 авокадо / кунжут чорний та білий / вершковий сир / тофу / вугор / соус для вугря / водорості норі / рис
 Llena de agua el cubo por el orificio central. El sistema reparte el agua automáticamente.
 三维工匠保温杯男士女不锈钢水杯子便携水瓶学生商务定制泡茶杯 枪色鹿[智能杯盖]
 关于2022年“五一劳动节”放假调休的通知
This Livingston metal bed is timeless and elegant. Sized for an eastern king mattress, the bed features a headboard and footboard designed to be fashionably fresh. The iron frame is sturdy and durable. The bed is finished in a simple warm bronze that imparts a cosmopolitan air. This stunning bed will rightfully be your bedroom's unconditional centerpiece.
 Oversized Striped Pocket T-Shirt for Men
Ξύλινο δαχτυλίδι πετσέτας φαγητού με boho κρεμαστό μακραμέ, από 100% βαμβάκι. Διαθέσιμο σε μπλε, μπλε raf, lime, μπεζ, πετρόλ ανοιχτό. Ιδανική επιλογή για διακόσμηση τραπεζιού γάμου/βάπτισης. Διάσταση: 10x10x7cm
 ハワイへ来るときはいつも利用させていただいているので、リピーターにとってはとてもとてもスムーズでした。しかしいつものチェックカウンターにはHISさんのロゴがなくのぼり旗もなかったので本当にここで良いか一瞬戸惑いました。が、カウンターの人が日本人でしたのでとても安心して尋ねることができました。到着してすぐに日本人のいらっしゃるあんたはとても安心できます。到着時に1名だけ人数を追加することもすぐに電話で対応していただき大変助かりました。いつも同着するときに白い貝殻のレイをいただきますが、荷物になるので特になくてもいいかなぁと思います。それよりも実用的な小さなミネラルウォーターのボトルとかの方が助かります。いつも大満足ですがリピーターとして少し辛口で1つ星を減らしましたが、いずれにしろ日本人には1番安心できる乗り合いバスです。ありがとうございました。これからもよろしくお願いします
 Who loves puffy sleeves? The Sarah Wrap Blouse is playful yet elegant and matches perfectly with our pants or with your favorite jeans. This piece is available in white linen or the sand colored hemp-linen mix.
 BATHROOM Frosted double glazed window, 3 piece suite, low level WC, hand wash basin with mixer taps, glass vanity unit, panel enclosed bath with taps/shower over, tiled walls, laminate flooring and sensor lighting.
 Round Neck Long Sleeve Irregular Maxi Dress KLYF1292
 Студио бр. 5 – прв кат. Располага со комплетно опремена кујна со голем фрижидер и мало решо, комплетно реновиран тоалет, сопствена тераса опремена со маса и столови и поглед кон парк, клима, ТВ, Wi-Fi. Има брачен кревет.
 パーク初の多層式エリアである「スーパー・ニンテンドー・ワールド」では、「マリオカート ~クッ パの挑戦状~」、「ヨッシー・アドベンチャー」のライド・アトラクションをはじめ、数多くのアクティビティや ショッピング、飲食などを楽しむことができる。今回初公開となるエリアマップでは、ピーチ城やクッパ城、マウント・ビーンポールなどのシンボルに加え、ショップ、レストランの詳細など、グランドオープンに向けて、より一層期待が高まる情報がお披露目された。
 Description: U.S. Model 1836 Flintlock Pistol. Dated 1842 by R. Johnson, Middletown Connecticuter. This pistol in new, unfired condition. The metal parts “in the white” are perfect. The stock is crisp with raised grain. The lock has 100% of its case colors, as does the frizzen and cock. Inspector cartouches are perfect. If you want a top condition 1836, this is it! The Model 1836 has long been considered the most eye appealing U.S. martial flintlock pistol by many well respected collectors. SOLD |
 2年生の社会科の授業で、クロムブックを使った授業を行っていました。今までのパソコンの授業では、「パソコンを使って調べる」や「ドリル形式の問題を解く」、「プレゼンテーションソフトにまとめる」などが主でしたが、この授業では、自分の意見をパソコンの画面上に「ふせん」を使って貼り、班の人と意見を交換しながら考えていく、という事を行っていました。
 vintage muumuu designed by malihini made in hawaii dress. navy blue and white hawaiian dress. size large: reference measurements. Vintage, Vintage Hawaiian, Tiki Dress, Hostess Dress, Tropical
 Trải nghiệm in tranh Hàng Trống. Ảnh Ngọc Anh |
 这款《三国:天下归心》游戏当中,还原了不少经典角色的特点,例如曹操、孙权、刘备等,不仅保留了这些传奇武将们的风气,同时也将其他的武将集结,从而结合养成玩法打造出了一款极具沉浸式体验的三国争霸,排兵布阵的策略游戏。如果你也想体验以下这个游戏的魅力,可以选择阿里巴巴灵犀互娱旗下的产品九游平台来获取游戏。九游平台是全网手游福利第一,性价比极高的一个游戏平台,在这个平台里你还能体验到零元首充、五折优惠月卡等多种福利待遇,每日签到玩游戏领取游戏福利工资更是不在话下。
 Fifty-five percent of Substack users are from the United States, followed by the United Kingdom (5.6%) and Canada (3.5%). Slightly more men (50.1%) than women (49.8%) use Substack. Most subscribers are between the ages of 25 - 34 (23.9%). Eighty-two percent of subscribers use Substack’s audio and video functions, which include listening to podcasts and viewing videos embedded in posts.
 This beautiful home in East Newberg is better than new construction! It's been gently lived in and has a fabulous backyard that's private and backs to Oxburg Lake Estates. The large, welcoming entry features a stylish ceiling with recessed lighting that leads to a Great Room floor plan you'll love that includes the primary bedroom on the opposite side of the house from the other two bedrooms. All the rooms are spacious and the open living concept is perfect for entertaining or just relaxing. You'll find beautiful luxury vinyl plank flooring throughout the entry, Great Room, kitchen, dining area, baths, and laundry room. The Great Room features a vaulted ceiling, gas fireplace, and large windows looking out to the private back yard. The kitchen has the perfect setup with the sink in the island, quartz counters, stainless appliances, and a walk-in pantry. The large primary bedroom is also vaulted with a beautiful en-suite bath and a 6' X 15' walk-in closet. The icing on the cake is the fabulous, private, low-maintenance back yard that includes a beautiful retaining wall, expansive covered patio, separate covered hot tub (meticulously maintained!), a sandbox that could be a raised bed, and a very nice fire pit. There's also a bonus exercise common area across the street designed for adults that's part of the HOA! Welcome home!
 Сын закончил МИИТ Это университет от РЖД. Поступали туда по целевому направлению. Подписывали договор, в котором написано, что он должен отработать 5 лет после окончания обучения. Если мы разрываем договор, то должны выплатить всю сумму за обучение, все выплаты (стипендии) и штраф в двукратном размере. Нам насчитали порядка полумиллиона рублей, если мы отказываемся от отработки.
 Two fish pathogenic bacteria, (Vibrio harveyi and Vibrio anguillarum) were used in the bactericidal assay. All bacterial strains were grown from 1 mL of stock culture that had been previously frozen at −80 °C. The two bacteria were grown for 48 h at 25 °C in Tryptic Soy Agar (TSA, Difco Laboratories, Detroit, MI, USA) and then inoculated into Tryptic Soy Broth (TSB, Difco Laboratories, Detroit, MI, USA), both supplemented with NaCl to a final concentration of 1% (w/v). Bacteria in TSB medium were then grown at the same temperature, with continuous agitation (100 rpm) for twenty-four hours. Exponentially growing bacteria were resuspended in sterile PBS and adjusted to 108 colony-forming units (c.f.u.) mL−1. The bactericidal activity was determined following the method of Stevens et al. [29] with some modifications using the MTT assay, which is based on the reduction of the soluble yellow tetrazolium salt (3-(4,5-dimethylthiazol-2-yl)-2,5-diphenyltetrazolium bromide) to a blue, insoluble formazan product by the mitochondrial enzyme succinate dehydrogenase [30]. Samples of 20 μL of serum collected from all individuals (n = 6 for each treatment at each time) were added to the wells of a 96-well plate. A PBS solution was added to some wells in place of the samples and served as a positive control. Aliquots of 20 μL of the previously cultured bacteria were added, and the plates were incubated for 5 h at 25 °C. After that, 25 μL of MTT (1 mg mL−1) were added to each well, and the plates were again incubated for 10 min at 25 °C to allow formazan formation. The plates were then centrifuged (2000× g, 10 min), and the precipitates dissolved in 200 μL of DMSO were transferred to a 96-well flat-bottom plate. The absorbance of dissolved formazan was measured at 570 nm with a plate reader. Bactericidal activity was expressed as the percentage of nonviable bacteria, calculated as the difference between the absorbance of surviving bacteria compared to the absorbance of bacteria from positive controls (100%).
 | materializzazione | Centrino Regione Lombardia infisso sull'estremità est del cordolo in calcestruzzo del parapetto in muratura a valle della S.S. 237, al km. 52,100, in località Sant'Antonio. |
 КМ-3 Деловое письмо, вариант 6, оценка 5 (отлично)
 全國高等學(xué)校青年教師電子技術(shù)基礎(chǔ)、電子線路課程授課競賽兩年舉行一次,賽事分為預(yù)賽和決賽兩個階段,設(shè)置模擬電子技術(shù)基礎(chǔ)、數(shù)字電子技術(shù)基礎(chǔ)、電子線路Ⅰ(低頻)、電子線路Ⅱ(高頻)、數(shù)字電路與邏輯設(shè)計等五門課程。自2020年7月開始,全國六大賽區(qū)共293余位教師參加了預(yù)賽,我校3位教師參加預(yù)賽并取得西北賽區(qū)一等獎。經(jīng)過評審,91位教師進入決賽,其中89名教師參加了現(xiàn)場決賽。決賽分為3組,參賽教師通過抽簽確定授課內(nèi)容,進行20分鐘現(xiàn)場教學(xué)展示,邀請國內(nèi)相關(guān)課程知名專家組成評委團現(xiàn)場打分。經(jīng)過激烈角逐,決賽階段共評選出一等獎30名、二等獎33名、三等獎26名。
________________
* Problem details *
Scan the listing and report each line where the word "Dress" shows up.

* Written reply *
 Round Neck Long Sleeve Irregular Maxi Dress KLYF1292
 vintage muumuu designed by malihini made in hawaii dress. navy blue and white hawaiian dress. size large: reference measurements. Vintage, Vintage Hawaiian, Tiki Dress, Hostess Dress, Tropical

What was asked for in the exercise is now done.